Health conscious consumers are increasingly ditching old favourites vegetable and canola oil for trendy alternatives like coconut and peanut oil. But are they any healthier? And how do they compare with other options such as heated olive oil and butter?
The short answer is, it depends. The long version requires a quick lesson in food science.
Fats and Oils = Lipids
Edible fats and oils are all part of the lipid family. Fats, such as butter, are solid at room temperature and oils are liquid; their solidity depends on their chemical makeup.
Both are comprised of triglycerides, which have a glycerol backbone and three fatty acids attached. The fatty acids are the important part of the molecule and can be of different lengths and have different numbers of double bonds. They are organised into three groups:
- Saturated fats are mainly derived from animal products such as meat and dairy. They have no double bonds.

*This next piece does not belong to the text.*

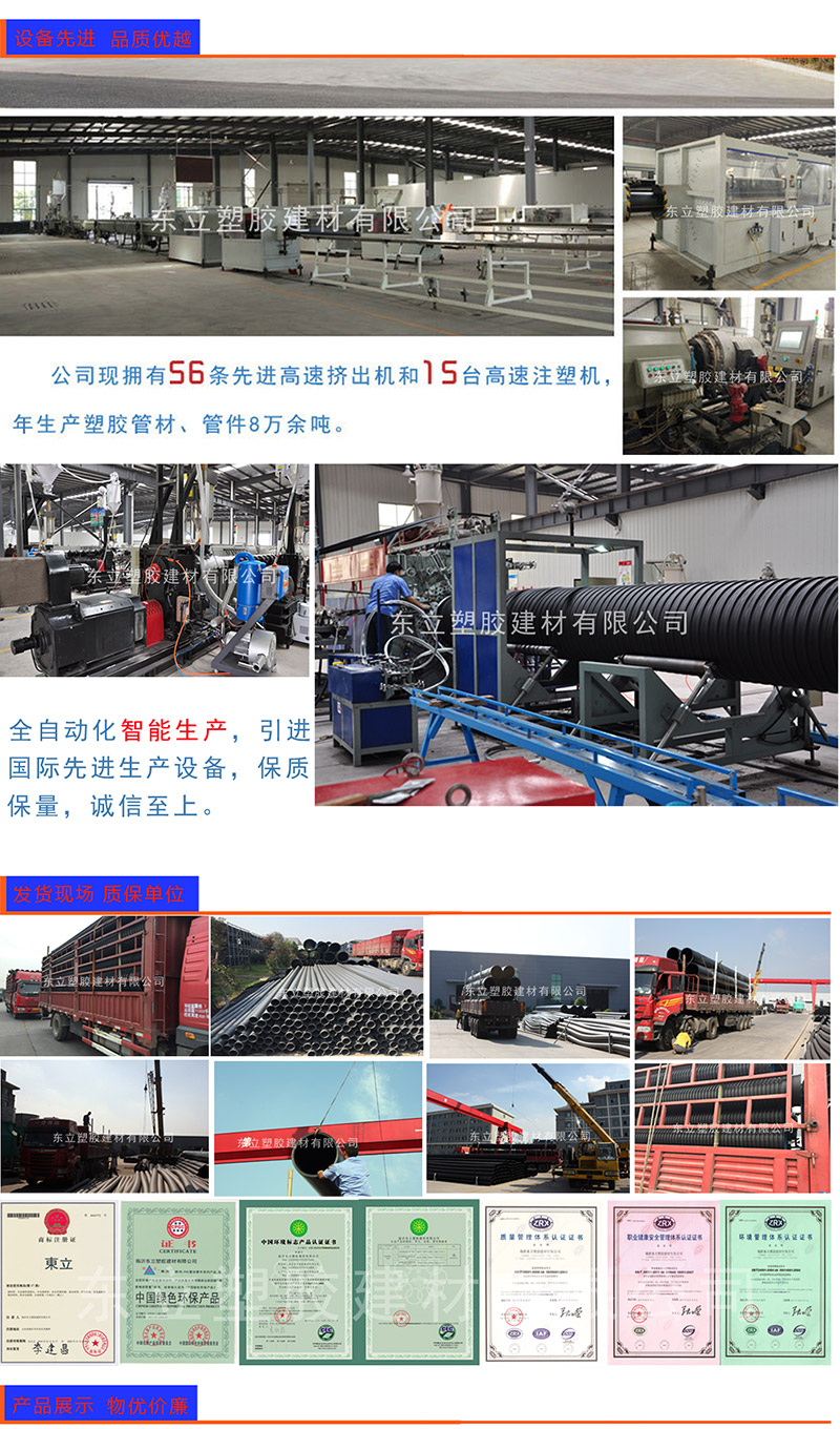 东立牌PVC环保管材、管件系列产品严格按照GB/T10002.1-2006及GB/T10002.2-2003标准生产,采用有机锡绿色环保配方,卫生性能完全符合GB/T17219-1998标准要求及国家卫生部相关的卫生安全评价规定. 产品最新优惠价格您可拨打0539-8854811或17705399608了解。

- Monounsaturated fats are found in olive oil, avocados and macadamia nuts.They have one double bond.
- Polyunsaturated fats come from corn, seed and nut oils (omega 6) and seafood (omega 3). They have two or more double bonds.

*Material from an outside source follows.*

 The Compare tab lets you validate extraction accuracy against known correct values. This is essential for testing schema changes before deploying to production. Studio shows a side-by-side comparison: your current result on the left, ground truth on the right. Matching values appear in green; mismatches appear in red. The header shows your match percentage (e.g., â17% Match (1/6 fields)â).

Fats and oils always include a range of saturated and unsaturated fatty acids. The greater the proportion of saturated fatty acids, the more solid it will be at room temperature.
Why We Need Fats and Oils
Once digested, we use the fatty acids to maintain the function of our body’s cells and cell membranes, in hormones and in neurotransmitters. They’re also important for our skin, hair and nails, and they keep us warm and cushion our internal organs.
Fats and oils are used for energy production and provide the most energy per gram of all the macronutrients (fat 37kJ/g; carbohydrate 16kJ/g; and protein 17kJ/g).